Cisco has issued a critical warning regarding a new attack variant targeting its Secure Firewall products. The threat exploits previously disclosed zero-day vulnerabilities, CVE-2025-20333 and CVE-2025-20362, which can lead to unpatched devices unexpectedly reloading and causing denial-of-service (DoS) conditions. Cybersecurity professionals are urged to apply the latest updates to their Cisco Secure Firewall Adaptive Security Appliance (ASA) Software and Cisco Secure Firewall Threat Defense (FTD) Software immediately.
The vulnerabilities, first disclosed in late September 2025, have already been leveraged in the wild as part of attacks delivering malware such as RayInitiator and LINE VIPER, according to reports from the U.K. National Cyber Security Centre (NCSC). Successful exploitation of CVE-2025-20333 allows attackers to execute arbitrary code with root privileges through crafted HTTP requests. Concurrently, CVE-2025-20362 enables unauthorized access to restricted URLs without proper authentication, creating significant security risks for organizations relying on these firewall solutions.
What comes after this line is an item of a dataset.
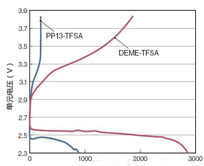 豐田通過在鋰空氣電池的電解液溶劑中采用乙醚類離子液體DEME-TFSA,實現(xiàn)了與有機溶劑相當?shù)娜萘俊?/div>

Cisco Addresses Multiple Firewall and Unified Communications Vulnerabilities
This alert comes as Cisco also patches two critical security flaws impacting its Unified Contact Center Express (Unified CCX) platform. These vulnerabilities could grant unauthenticated, remote attackers the ability to upload arbitrary files, bypass authentication mechanisms, execute arbitrary commands, and ultimately elevate their privileges to root access. Security researcher Jahmel Harris was credited by Cisco for discovering and reporting these significant shortcomings.
Critical Flaws in Unified Contact Center Express
The first of these Unified CCX vulnerabilities, designated CVE-2025-20354, carries a CVSS score of 9.8, indicating its severity. This flaw resides within the Java Remote Method Invocation (RMI) process of Unified CCX. Exploitation allows an attacker to upload files and execute commands with root permissions on compromised systems. The second, CVE-2025-20358, with a CVSS score of 9.4, affects the Contact Center Express (CCX) Editor application. This vulnerability permits attackers to bypass authentication and gain administrative permissions, enabling them to create and execute arbitrary scripts on the underlying operating system.
These critical issues affecting the Unified CCX platform have been addressed in specific software releases. Cisco Unified CCX Release 12.5 SU3 and earlier are fixed in version 12.5 SU3 ES07. For Cisco Unified CCX Release 15.0, the fix is available in 15.0 ES01.
In addition to the firewall and contact center vulnerabilities, Cisco has also released patches for a high-severity denial-of-service (DoS) bug, CVE-2025-20343. This vulnerability, with a CVSS score of 8.6, impacts the Identity Services Engine (ISE). It could allow an unauthenticated, remote attacker to trigger an unexpected restart of a susceptible device. The issue stems from a logic error in how Cisco ISE processes RADIUS access requests for MAC addresses that have already been rejected as endpoints.
While Cisco has not reported any evidence of these three security flaws being actively exploited in the wild, the company strongly advises all users to implement the available updates as soon as possible. Proactive patching is essential to maintain robust security posture and prevent potential disruptions.
The ongoing discovery and exploitation of zero-day vulnerabilities underscore the dynamic nature of the cybersecurity landscape. Organizations are encouraged to maintain vigilance, regularly review security advisories from vendors, and prioritize the timely application of security patches to safeguard their critical infrastructure and sensitive data. The next steps involve ensuring all affected Cisco devices are updated to the latest secure versions to mitigate these risks.